Exercise brief →
As you write out the lines from the one containing "クラブツーリズムの南アフリカ" through the last line of the records, keep them exact and leave out pictures.

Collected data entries
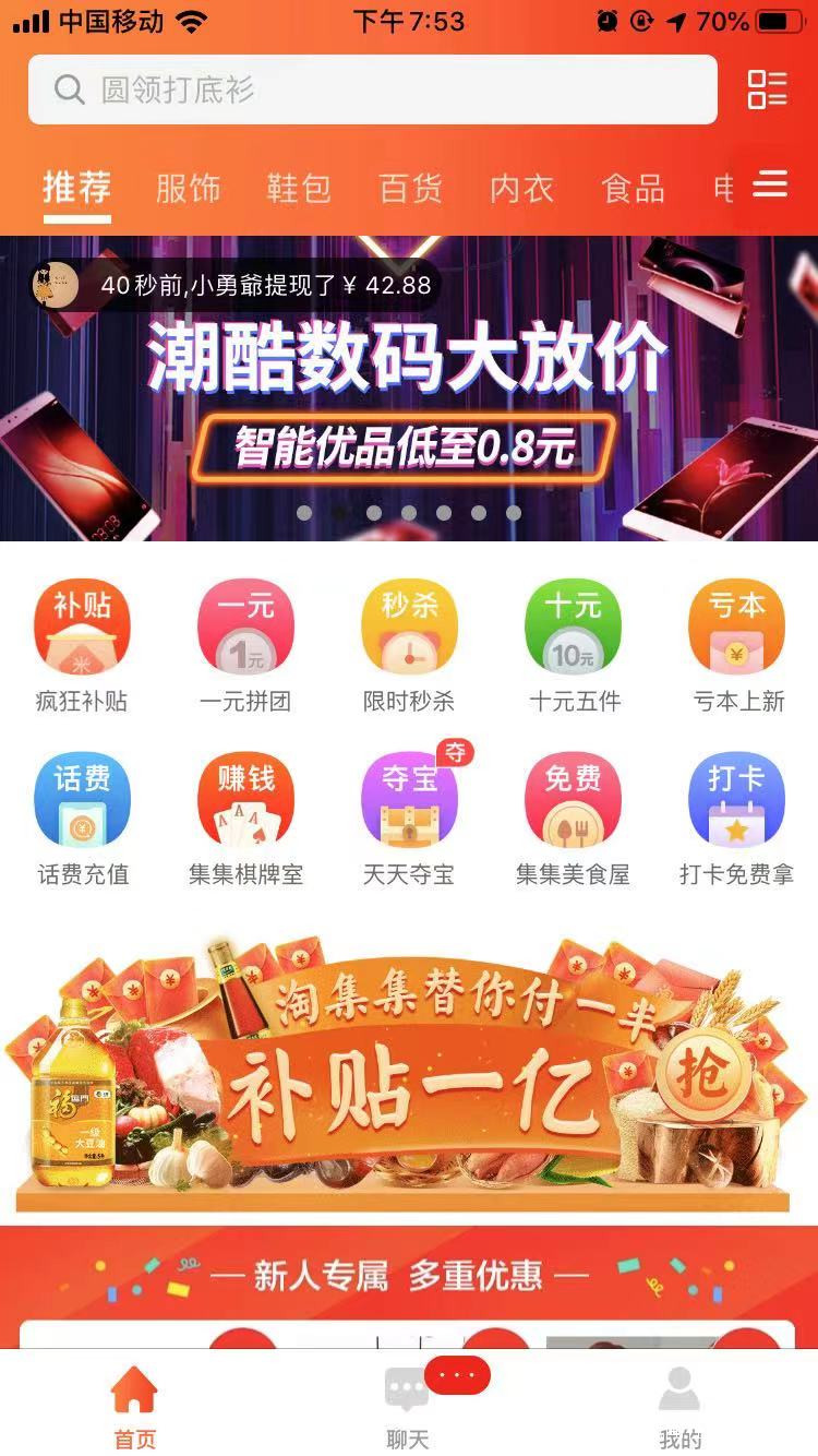 淘集集APP於2018年8月正式上線,通過邀請商家入駐,在線上銷售日用百貨、美妝個護、服飾鞋包、家居家紡、食品水果等產品。在拼多多用9塊9包郵完成對下沉市場的包圍後,這個主打比拼多多更下沉市場的社交電商平台,更是一度把大衣的價格降到了8塊8。
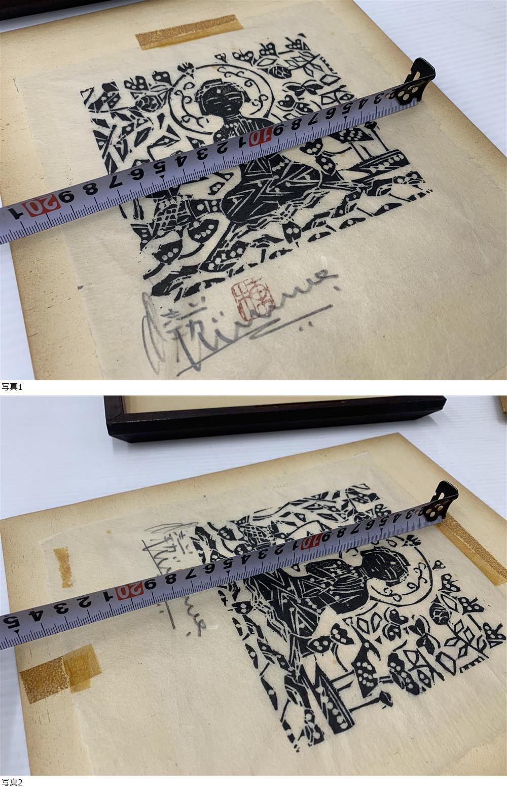 | 27/280☆棟方志功 稚菩薩の柵 美濃和紙? 真作 額装入り☆え1 | |
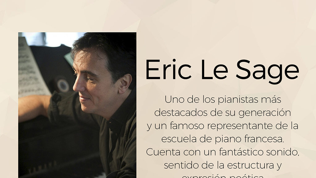 Eric Le Sage es uno de los pianistas más destacados de su generación y un famoso representante de la escuela de piano francesa. Cuenta con un fantástico sonido, sentido de la estructura y expresión poética. La Sage ha actuado con importantes orquestas a nivel mundial, como la Filarmónica de Los Ángeles, la Orquesta de Filadelfia, la Orquesta Sinfónica de Toronto o la Orquesta Sinfónica Saint-Louis, entre otras.
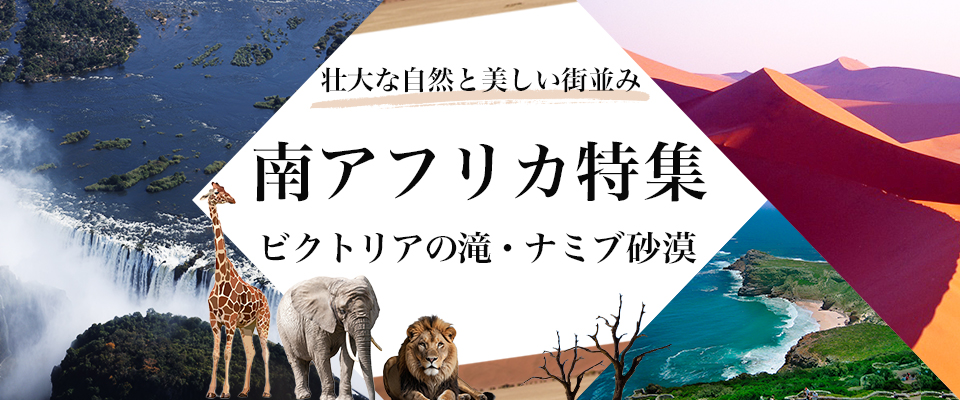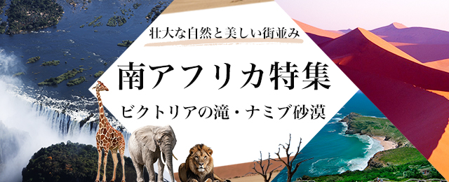 クラブツーリズムの南アフリカ旅行・ナミブ砂漠ツアー特集!広大なサバンナで行う動物サファリ、アフリカ大陸の最果てで大航海時代の象徴・喜望峰、ビクトリアの滝など南アフリカのおすすめ観光地や、ナミビアに広がる世界遺産ナミブ砂漠の絶景をご紹介。
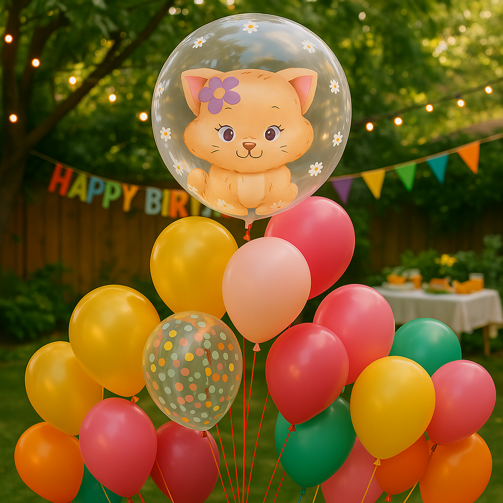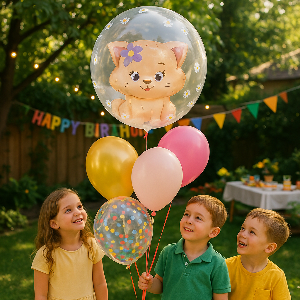 Průhledný fóliový balónek kulatého tvaru, zdobený bílými květy. Uvnitř balónku je pastelově zbarvená zvířecí postavička, která mu dodává půvab a je ideální pro různé příležitosti, jako jsou narozeniny, dětské oslavy a další večírky. Balónek je vybaven ventilem pro snadné plnění heliem nebo vzduchem.

Finished task →
 クラブツーリズムの南アフリカ旅行・ナミブ砂漠ツアー特集!広大なサバンナで行う動物サファリ、アフリカ大陸の最果てで大航海時代の象徴・喜望峰、ビクトリアの滝など南アフリカのおすすめ観光地や、ナミビアに広がる世界遺産ナミブ砂漠の絶景をご紹介。
 Průhledný fóliový balónek kulatého tvaru, zdobený bílými květy. Uvnitř balónku je pastelově zbarvená zvířecí postavička, která mu dodává půvab a je ideální pro různé příležitosti, jako jsou narozeniny, dětské oslavy a další večírky. Balónek je vybaven ventilem pro snadné plnění heliem nebo vzduchem.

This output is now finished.